The quality of a semiconductor material can considerably influence the performance of a solid-state device produced from said material. Solid-state devices can suffer from inferior lifetimes and operating characteristics when the semiconductor material has an undesirable density of crystal defects, for example dislocations. Such problems have hindered the development of semiconductors including gallium nitride (GaN), other Group III-nitrides (e.g., AlN, InN, GaInN) and other mixed nitrides (referred to herein as “III-nitrides”) as well as certain Group III-V compounds; and of certain other compound materials (e.g., IV, II-VI materials) generally. For many of these materials suitable and commercially useful growth substrates have limited availability and poor crystal quality. A suitable substrate closely matches the crystal properties of the target material to be grown; if these properties do not closely match, the resulting material usually has an unacceptable density of dislocations.

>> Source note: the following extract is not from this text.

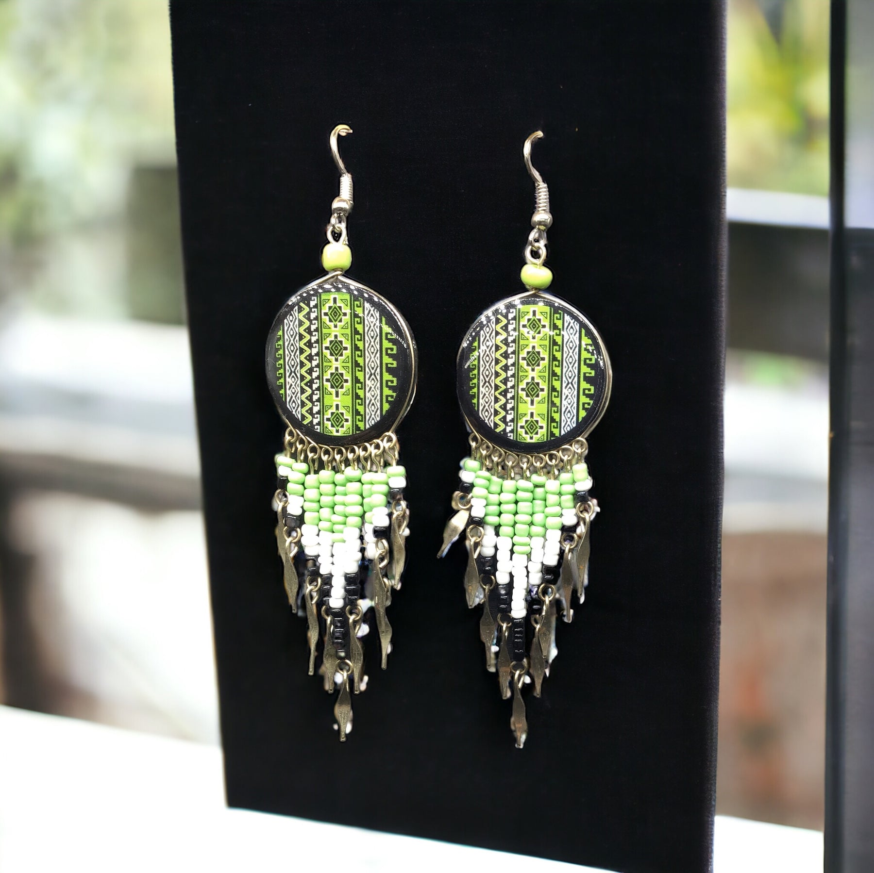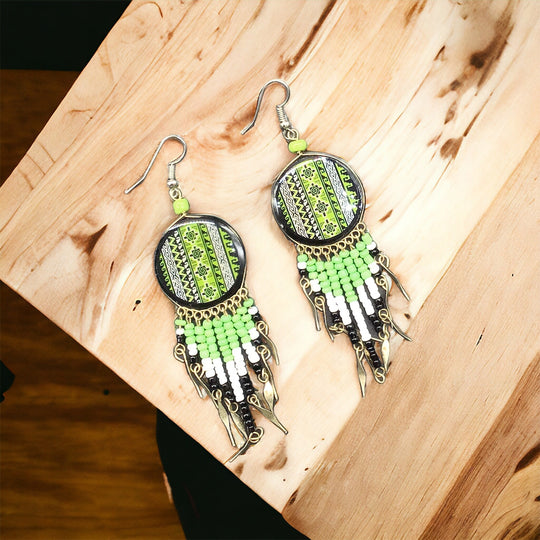 Enhance your style with our stunning Tribal Earrings, crafted from beaded metal with a unique design. Made from high-quality ceramic, these earrings are not only stylish but also durable, ensuring they will last for years to come.

Specifically, in the case of GaN, crystal quality can be improved by pre-treatment of the growth substrates, e.g., by nitridization and other chemical modifications; by growing thin, low temperature buffer layers of other III nitrides, e.g., AlN or GaN, by thermal annealing, and the like. Methods such as epitaxial lateral overgrowth (ELO) and its variants (PENDEO, FIELO, etc) have proven successful in reducing dislocation density. However, these common methods often utilize lithographically produced masking elements that often produce materials with a non-uniform distribution of surface dislocations, undesirable in many applications. Some alternative methods of dislocation reduction for producing homogenous surface dislocation densities have utilized in-situ (or ex-situ) deposition methods to impede dislocation progression, in some instances with the addition of etchants to enhance surface dislocation dimensions. Examples of such impeding methods include US patent publication U.S. 2007/0259504, Tanaka et al. Japanese Journal of Applied Physics 39 L831 2000 and Zang et al. Journal of Applied Physics 101 093502 2007. Further alternative methods of dislocation reduction aim to limit dislocation propagation into the growing layer by, at an intermediate stage of growth of a GaN layer, enhancing defects present at the surface of the GaN layer by etching, then plugging plugging the enhanced surface defects with a masking material on which GaN does not readily nucleate, and then continuing GaN growth. Examples of such methods include US provisional patent application 61/127,720 filed May 14, 2008, which is incorporated herein by reference in its entirety.
Layers and crystals of III-nitrides of improved quality are desirable. Although applicable processes for doing so are available in the prior art and succeed to a certain degree in reducing the dislocation density in III-nitride materials, a method capable of producing greater dislocation reduction and uniformity of distribution is desirable.